Got My Halloween Flirt On...
Okay, well, even though I would rather have been partying hard with my masters gals, Cyn and Kim, I understand they have priorities that are not getting drunk and meeting boys.But my priority is still getting drunk and meeting boys. (Am I too old for this? Probably, once I'm no longer single. But in the meantime....)
And I'm happy to report I did get my Halloween flirt on. Not too many people were at this costume party, but all were friendly and I had a great time. Some wasted fellow dressed as Clark Kent repeatedly accosted me. Gave me his card, told me I was too beautiful to wear a mask (part of my costume), and on and on. The funniest part was hearing him saying the same things, word for word, to another young lady just behind me at the bar. Once Clark gave me his #, I thought I was safe from his advances, but about an hour later, he approached me again. A friend of mine noticed, and tried to pull me away, but he wouldn't stop following us until I told him we were having an "emergency" and retreated to the ladies bathroom. Then, each time he came near, I became VERY friendly with whatever gentleman I was conversing with. Two gentleman in particular seemed particulary effective at keeping Clark at bay (they were both ~ 6'3" and 225). At one point, neither of the big guys were around, so I became quite friendly with a fellow dressed as Zorro (yes, I filled him in on the particulars) and apparently, while I was getting friendly with Zorro, Clark asked my friend "Am I not as good looking as Zorro?" How pathetic.

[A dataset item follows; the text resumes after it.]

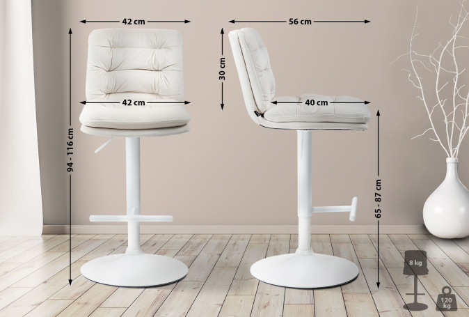 Barová židle Dakar samet bílá, krémová | Krémová | 2 640 Kč
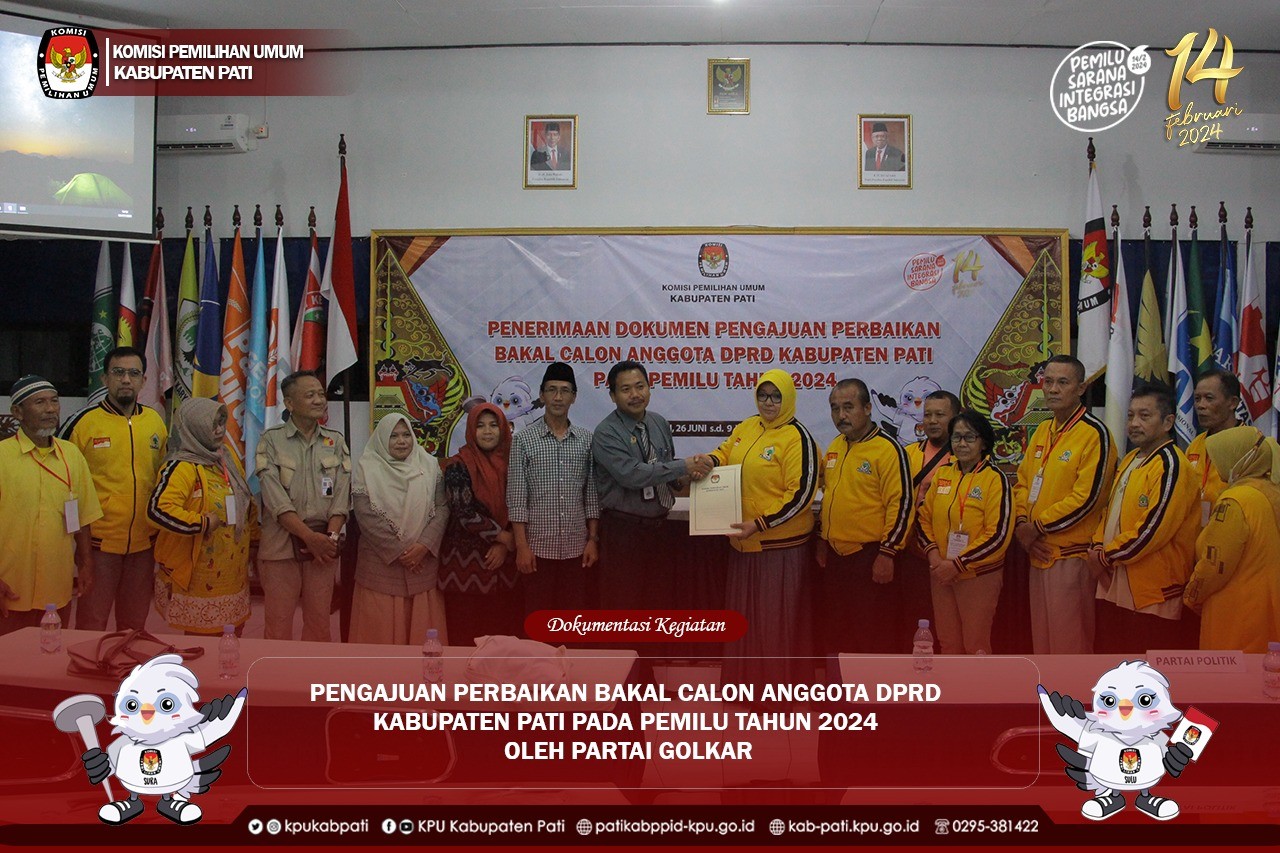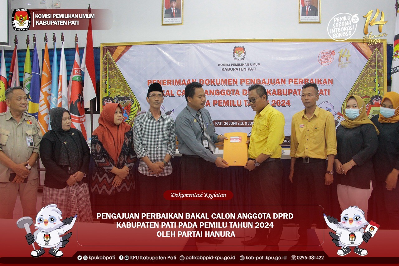KPU Kabupaten Pati menerima pengajuan perbaikan dokumen bakal calon Anggota DPRD Kabupaten Pati Pemilu 2024 dari Partai PDI Perjuangan

One of the 6'3" guys seemed particularly interested in "protecting" me. He was dressed as PT Barnum and came around to talk quite a few times. When I was leaving the bar, Clark was outside (puking?) and PT Barnum was smoking. I grabbed onto him "Hey, you!" and made him walk me down the street to escape from Clark, at which point he asked for my #. Yippee! He's 5-6 points on the checklist, too! So even if I never hear from Karaoke boy again (oh, I have to send him those pics tomorrow...) I have some hope. I think I like this guy better... well, I barely know him. But so far... (and if he calls, ever...). Fingers crossed!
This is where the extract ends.